The ECB settled the purchase of almost 8 bln euros of sovereign bonds in the past week. This is a noticeable increase from the almost 4.5 bln euros settled in the prior week and it has managed to push Italian bond yields back below 7%. Nevertheless, funding pressure (the cost of swapping from euros to dollars, for example) remains elevated and the pressure on European bond markets have broadened to include core bond markets of France, Austria and Belgium, where the spreads over bunds are their widest since EMU began.
A solution in Europe remain elusive for a number of reasons, but one that seems under appreciated is that German and French interests and views are diverging. There are four main issues that divide them and by extension Europe. Germany and France are the two pillars of EMU and their disagreement reflects a larger split in Europe.
First, there is a disagreement about whether the ECB should be buying a significant amount of European bonds. Buying even small relatively modest amount of European bonds, less than 200 bln euros all told has seen to ECB members resign in protest (Weber and Stark).
Some have argued the ECB should act as a lender of last resort. We argue it is the lender of last resort to banks, not to sovereigns.
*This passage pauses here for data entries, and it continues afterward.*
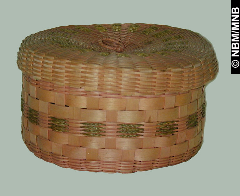 panier : 1875-1925 Premières Nations; Wolastoqiyik? éclisses de frêne teintes et tressées avec foin d'odeur tressé 10 x 16,5 x 16,5 cm Collection Musée du Nouveau-Brunswick Musée du Nouveau-Brunswick, (X6192) retournez |
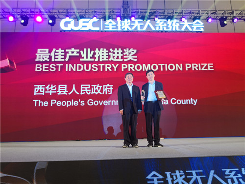 11月4日至5日,西華縣委書記林鴻嘉應邀赴珠海國際會展中心出席2018第二屆全球無人系統大會,并以其在無人機推廣應用方面的突出貢獻榮獲大會唯一“最佳產業推進獎”。中國工程院院士、空空導彈專家、俄羅斯工程學院外籍院士樊會濤為林鴻嘉頒獎。
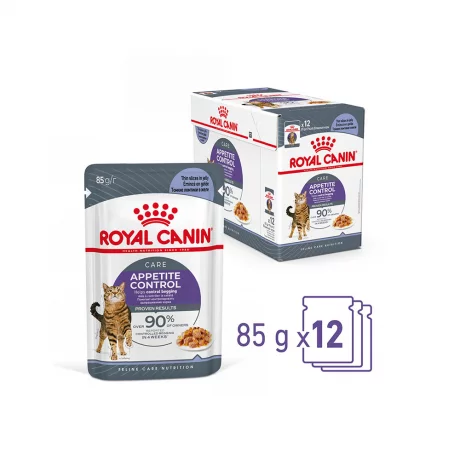 Royal Canin Wet Appetite Control Jelly 12x85gr. Πλήρης υγρή τροφή σε ζελέ για ενήλικες γάτες με τάση για υπερβολική κατανάλωση τροφής. Βοηθά στον έλεγχο της πείνας.
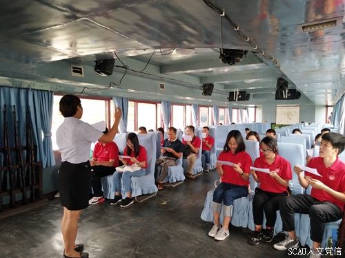 在那恒村那恒码头,寻根团一行人在田东县县委党校徐老师的专业讲解下,详细了解了那恒农民运动的蓬勃发展历史,以及田东人民参加百色起义、建立苏维埃政府、参军北上转战千里、不屈不挠坚持革命斗争的光辉历程。此后,寻根团一行人沿着当年邓小平同志“挺进右江”的足迹,从那恒码头乘坐“红军号”前往二牙码头。在行船途中,大家听取讲解员关于邓小平同志“挺进右江” 、邓小平同志和张云逸同志在平马胜利会师的历史背景,并观看《百色起义》视频影像片段,还集体学唱红色歌曲《共产党领导真正确》。
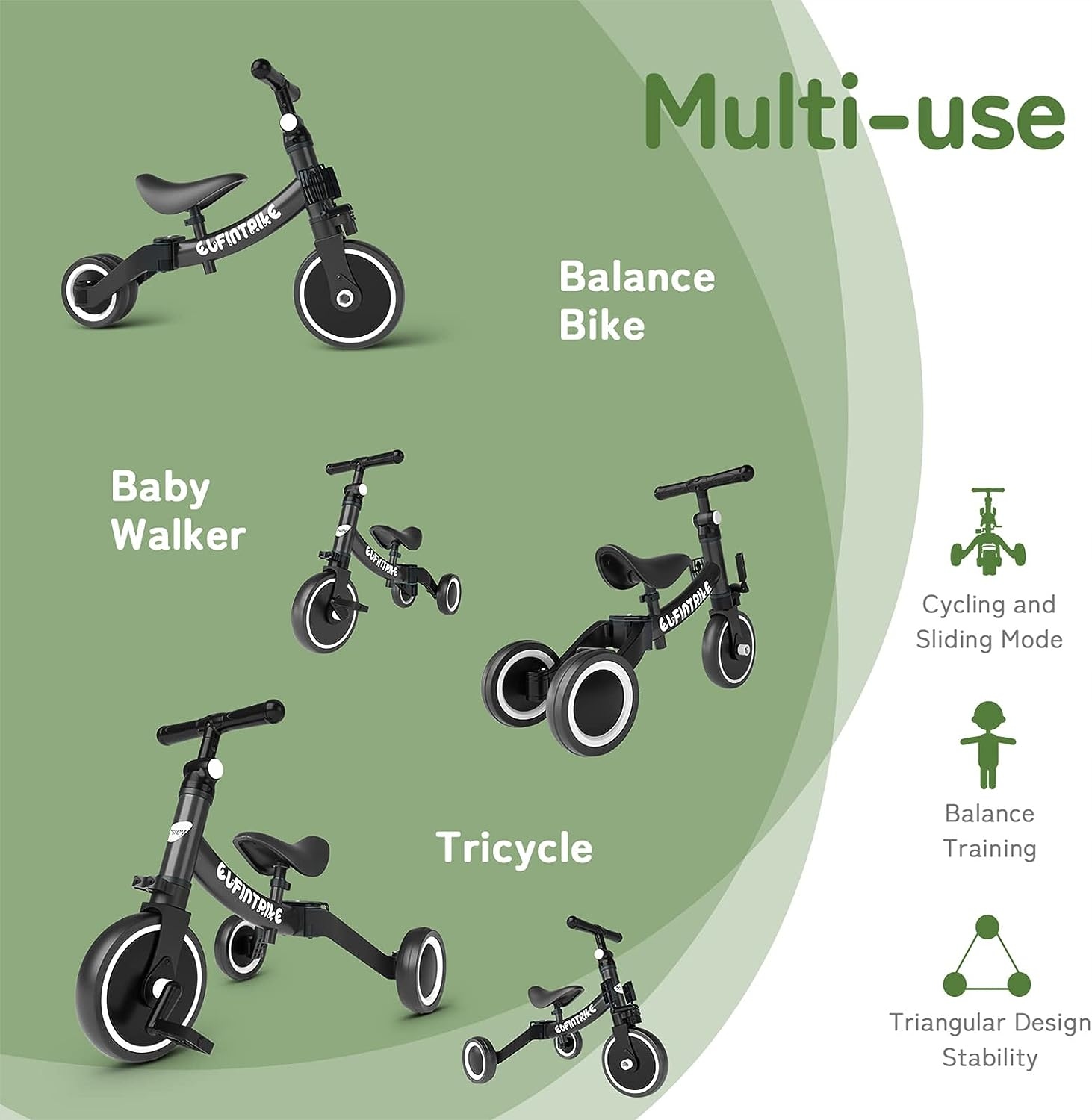- 5 з 1 -го велосипедного велосипеда призначений для хлопчиків та дівчат від 1 до 4 років. Дитячий велосипед можна використовувати в трьох режимах: три -колесний режим (великий / малий кут), короткий режим та режим ходьби (великий / малий кут).
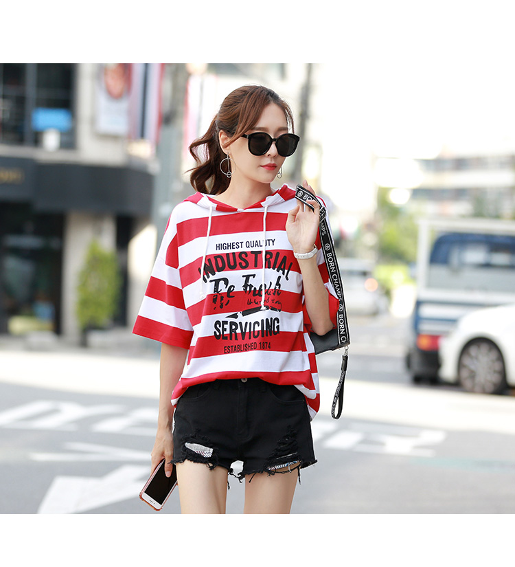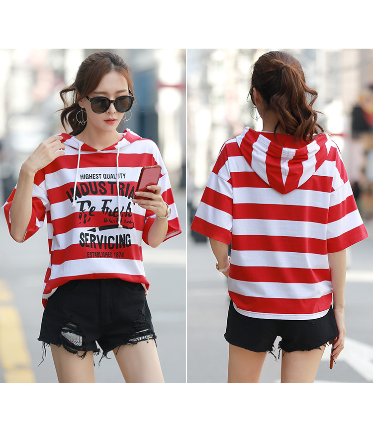 [2]短袖t恤女士時尚半袖寬松韓版百搭純棉連帽衫上衣服夏裝2019新款
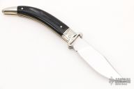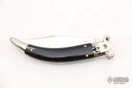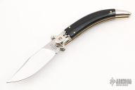 This Diana lockback auto by AGA Campolin features a mirror polished blade, mirror polished nickle silver bolsters and buffalo horn scales, brass liners. Nice function, strong firing and lock up. Excellent condition. Comes with black leather sheath. Has 16 and 12 gauge shotgun shell puller bolsters.
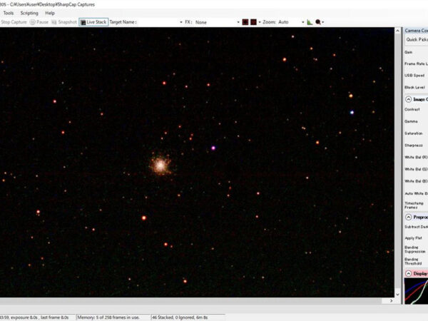Sistema Windows con software Sharpcap, versión 3.2.6433 y
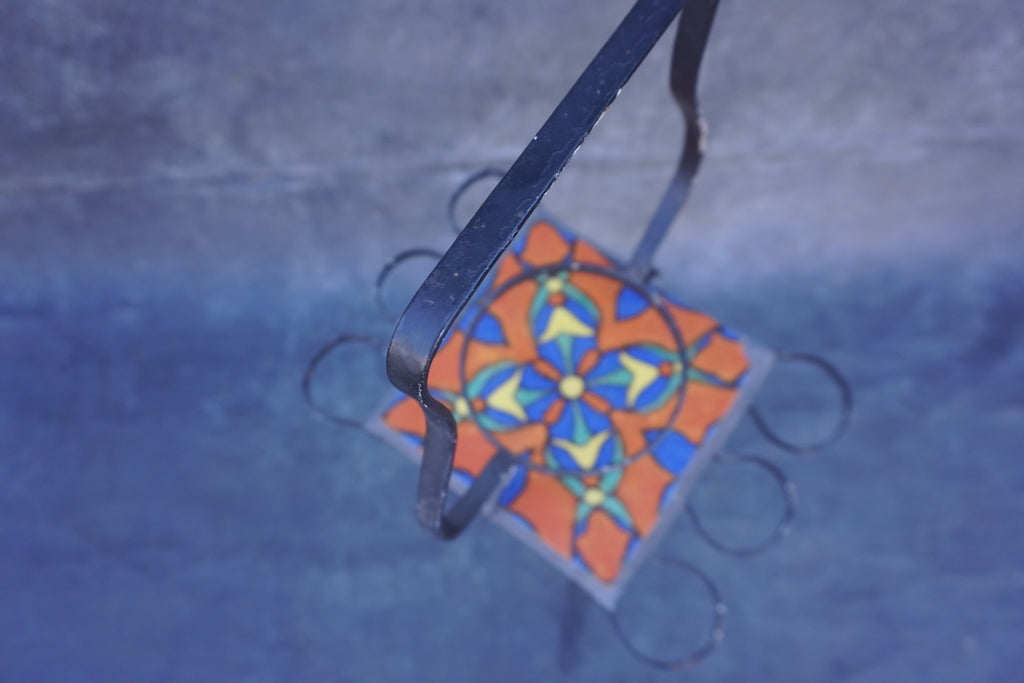 This exceptional Malibu tile drink table showcases both beauty and functionality. It features a sturdy wrought iron base with a decorative top handle and six integrated cup holders — three on each side — perfect for entertaining or display. The tabletop is adorned with vibrant orange and blue tile with a striking geometric floral design, a classic example of Malibu craftsmanship.
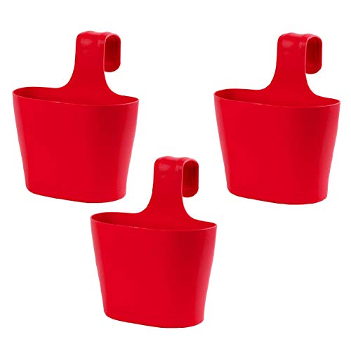 Design 3x Blumenkasten / Blumenkübel in der Farbe Rot mit einem Fassungsvermögen von 2,8 Liter, eine Länge 22,5 cm / Gesamtbreite 11,5 cm / Gesamthöhe 26,5 cm / Pflanztiefe ca. 16,5 cm
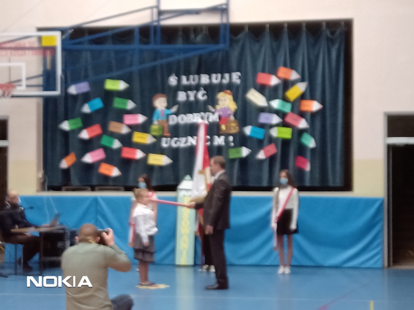 Pierwszoklasiści zaprezentowali także piękny program artystyczny, w którym zdali pierwszy egzamin na ucznia. Śpiewająco odpowiadali o naszej ojczyźnie, szkolnej nauce oraz zasadach zachowania. Wszyscy uczniowie otrzymali pamiątkowe dyplomy i legitymacje szkolne.
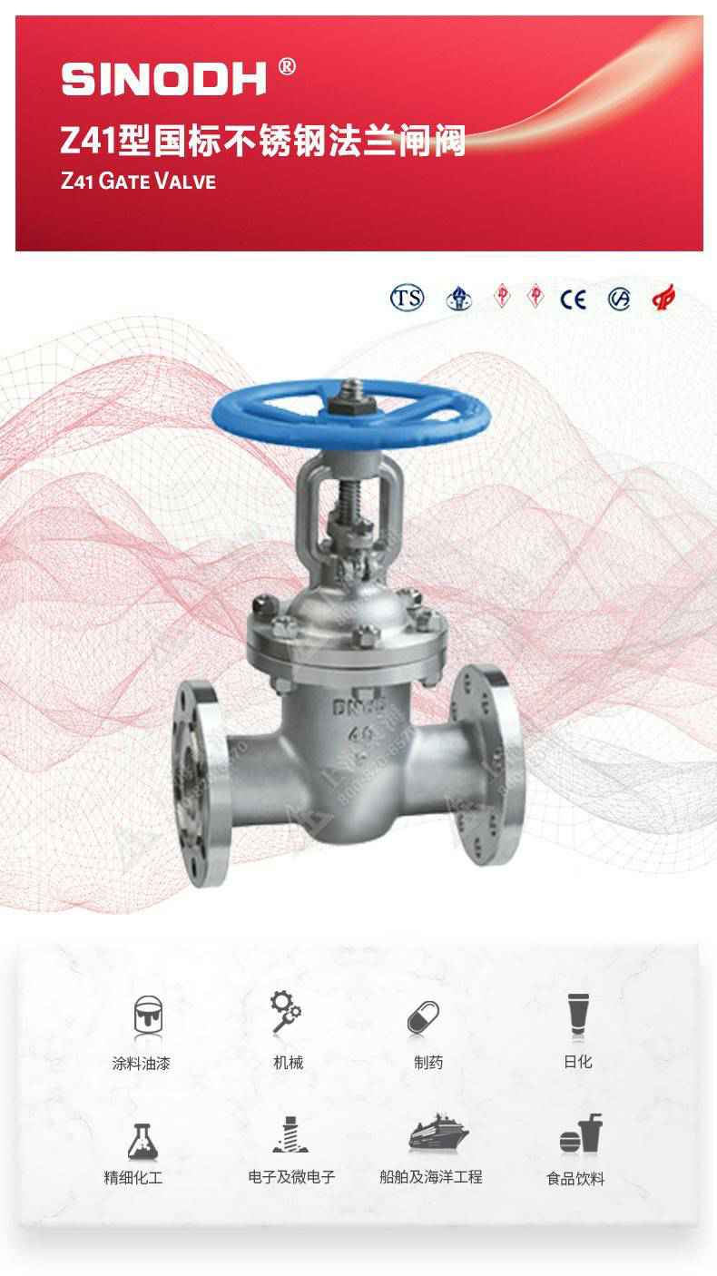 Z41型不锈钢闸阀,为开云在线登录app官网-开云(中国)自主研发生产。本产品是一种最常见的启闭阀,利用闸板的上下工作来接通(全开)和截断(全关)管道中的流体介质。此类闸阀广泛用于自来水、污水、建筑、石油、化工、食品、医药、轻纺、电力、船舶、冶金、能源系统等体管线上作为调节和截流装置使用。

As the BOE’s King noted last week (courtesy of the FT) as he supported the BBK’s stance, lender of last resort cannot be used to justify the purchases of sovereign bonds (and the purchases, he argues, are funding current account deficits. “And that is why the European Central Bank feels, I think–and with total justification– that it’s not the job of a central bank to do something which a government could perfectly well do itself, but doesn’t particularly want to admit doing. “
Second, there is a disagreement over whether the ECB should declare that is it buying bonds for an extended period or unlimited amounts. Some countries, led by France, but includes several others, appear to want to some pledge by the ECB. However, the disagreement over the first issue makes this issue contentious, to say the least.
Third, the ECB currently sterilizes its sovereign bond purchases. Some want the ECB to refrain from doing this. This is to embrace quantitative easing more directly. The ECB, Germany, and several other countries resist such pressures. France appears to be more sympathetic to QE.
Fourth, there is a dispute over whether Greece is a unique event. In particular, the issue is if the private sector will share in the adjustment process in other peripheral debtor countries. Part of the reason that the “voluntary” haircuts were acceptable for Greek bonds was the apparent signal from European officials that a haircut is not being contemplated in the other countries.
France and most of the peripheral countries want Greece to be unique event. Germany and others seem to be on the other side of the issue. As recently as last week, German officials were talking about private sector participation in the future. That is, after all, one of the functions of the European stabilisation Mechanism (ESM), when it comes into existence.
When will European officials provide the closure to the debt crisis? When will they deliver a comprehensive solution ? When German and France agree on this fundamental issues. Until then, the risks are asymmetrically on the downside.